А у кого их нет, этих «временных трудностей»? …Вы смотрите на телевизионный экран и сидите в своем кресле, вам чистят ваше либидо и подкручивают что-нибудь в вашем суперэго, и вы перестаете вожделеть места в Принстоне или Гарварде и зарплаты кинозвезды. О, как похожи «наши» на «ваших», а «ваши» на «наших», Мир на антимир, «скучно на свете, Господи».

Создатель умных точных ракет среднего и дальнего радиуса действия, глядя на черное звездное калифорнийское небо, думает вовсе не о Боге, вечности и смерти, а о том, как хорошо было раньше: тогда с каждой журнальной страницы смотрел на читателя громадный медведь с разинутой клыкастой пастью и маленькой кепочкой на макушке. Медведь напоминал не столько русского мишку, сколько американского гризли. Этот гризли раза в два больше своего евразийского собрата и раза в три, как где-то я читал, его злобное, а посему и охраняется американским законом. Объяснять ничего не нужно; все было ясно без слов: гризли намеривался изнасиловать западную демократию, испуганно притаившуюся в уголке. (Стройные ножки, шортики и сумочка с учебниками, перекинутая через плечо.) И вот нужно было соорудить как можно больше этих ракет, чтобы засадить этому гризли между глаз. И был «job», и было хорошо.

Глядя на небо, калифорниец думает о «job» и знает, что этому больше не бывать; от медведя отвалилась лапа и добрая треть туловища, клыки порядком прогнили, и случись даже, что, прекратив жалобный скулеж, он встанет на дыбы, — устрашит немногих. А поэтому не нужны будут умные ракеты и не будет «job». Никто не поможет штату Калифорния. Никто не поможет городу South Bend (Южный Изгиб), штат Индиана, где я живу. Никто не поможет мне. А поэтому, встречая свою деканшу (а я знаю, что деканша имеет на меня зуб), я говорю радостно «Хай!» Этот самый «хай» в буквальном переводе означает «привет», но смысл его гораздо шире. «У меня все отлично, и я бесконечно рад видеть вас». И деканша отвечает мне: «Хай!»

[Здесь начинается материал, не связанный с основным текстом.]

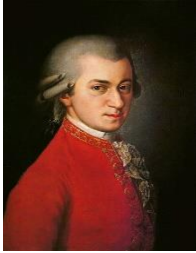
Wolfgang Amadeus Mozart

1.) V katero glasbeno obdobje spadajo spodnji skladatelji?

Я живу в маленьком городке, городке Среднего Запада, этот «средний запад» что-то вроде русской средней полосы; это сердце Америки или, можно сказать, самая американская Америка, кондово—сермяжно—кукурузно-пролетарская. Изредка я отправляюсь в Чикаго, он рядом, да и там самый, что плодит Нобелевских лауреатов по экономике и «чикагских мальчиков», наивных Аль Капоне перестроечных реформ. В воскресенье, субсидируемый городским бюджетом, транспорт замирает, а у меня нет машины, как и телевизора, кредитной карточки (это свидетельствует, что за долгие годы, проведенные в Америке, я не вписался в американскую жизнь). Можно взять такси, но я перевожу стоимость проезда в рубли, ужасаюсь, вспоминаю о невыплаченных студенческих долгах, декане и иду пешком. Через весь город. Я прохожу центр (суд со статуей Свободы, точной копией нью-йорской, тюрьма, рядом с судом, мэрия и памятник северянам, погибшим в «той гражданской») и прихожу на станцию. Там маленький зал ожидания, где можно купить в автомате кофе и что-то вроде соленого бублика; я бросаю двадцатипятицентовики в утробу автомата и получаю кофе и пакет с бубликами. Со стены на меня смотрят портреты отцов-основателей, первопроходцев Индианщины с суровыми лицами и длинными хасидскими бородами. Насладившись бубликами, я выхожу на перрон и смотрю на полотно. Проходят поезда, иногда с новенькими машинами; я на границе Мичигана, с его Детройтом, автомобильным сердцем Америки, я провожаю эти машины глазами. Я знаю, что все они обречены.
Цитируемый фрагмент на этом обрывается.